William and I can separate life into two parts. There were those years when we were blessed with the physical presence beside us of both our mother and father.

And then there are the 10 years since our mother's death. When she was alive we completely took for granted her unrivalled love of life, laughter, fun and folly. She was our guardian, friend and protector.

She never once allowed her unfaltering love for us to go unspoken or undemonstrated.

She will always be remembered for her amazing public work. But behind the media glare, to us, just two loving children, she was quite simply the best mother in the world.

We would say that wouldn't we. But we miss her.

She kissed us last thing at night. Her beaming smile greeted us from school. She laughed hysterically and uncontrollably when sharing something silly she might have said or done that day. She encouraged us when we were nervous or unsure.

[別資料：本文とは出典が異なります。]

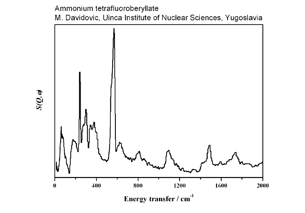 Inelastic Neutron Scattering spectrum of Ammonium tetrafluoroberyllate, NH₄BeF₄, measured on the TFXA instrument.

She - like our father- was determined to provide us with a stable and secure childhood.

To lose a parent so suddenly at such a young age - as others have experienced - is indescribably shocking and sad. It was an event which changed our lives forever, as it must have done for everyone who lost someone that night.

But what is far more important to us now, and into the future, is that we remember our mother as she would have wished to be remembered, as she was - fun-loving, generous, down-to-earth, entirely genuine.

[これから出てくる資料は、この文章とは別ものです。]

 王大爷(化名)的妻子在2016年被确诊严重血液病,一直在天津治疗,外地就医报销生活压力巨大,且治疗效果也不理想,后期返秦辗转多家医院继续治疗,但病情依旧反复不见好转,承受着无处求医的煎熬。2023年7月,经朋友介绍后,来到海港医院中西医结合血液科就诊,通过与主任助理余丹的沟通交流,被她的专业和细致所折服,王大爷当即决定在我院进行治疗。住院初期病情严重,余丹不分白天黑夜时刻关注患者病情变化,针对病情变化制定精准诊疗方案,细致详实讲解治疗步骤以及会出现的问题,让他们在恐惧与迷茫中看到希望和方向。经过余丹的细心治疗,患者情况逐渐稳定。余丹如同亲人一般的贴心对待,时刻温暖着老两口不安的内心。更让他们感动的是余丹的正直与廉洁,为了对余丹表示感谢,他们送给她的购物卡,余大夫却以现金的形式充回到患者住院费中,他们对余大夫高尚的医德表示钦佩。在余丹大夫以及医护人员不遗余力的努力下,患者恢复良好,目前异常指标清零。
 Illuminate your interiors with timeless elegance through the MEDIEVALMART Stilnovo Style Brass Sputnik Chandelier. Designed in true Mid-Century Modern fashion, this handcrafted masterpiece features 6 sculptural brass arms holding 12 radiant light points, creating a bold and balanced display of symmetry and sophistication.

We both think of her every day. We speak about her and laugh together at all the memories.

Put simply, she made us, and so many other people, happy. May this be the way that she is remembered."

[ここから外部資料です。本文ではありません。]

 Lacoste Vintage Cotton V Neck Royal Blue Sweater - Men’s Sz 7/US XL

 ヴィデオをみての第一印章は、野太い声だな、というものでしたが、全体からは彼のマチュリティが鮮明に感じられるスピーチでした。これで、世間のハリー王子への印象が変わったようです。

 タイトルは、司祭が言った言葉です。Let it end here.
 亡くなった人を偲ぶのは、残された人々が、それぞれのやり方で出来ること。でも、亡くなった人、ダイアナ妃を間違った偶像にしようとする他者の意思を止められるのは、ウィリアム王子とハリー王子だけ。今回、二人はそれを彼らの意思でやり遂げたように思います。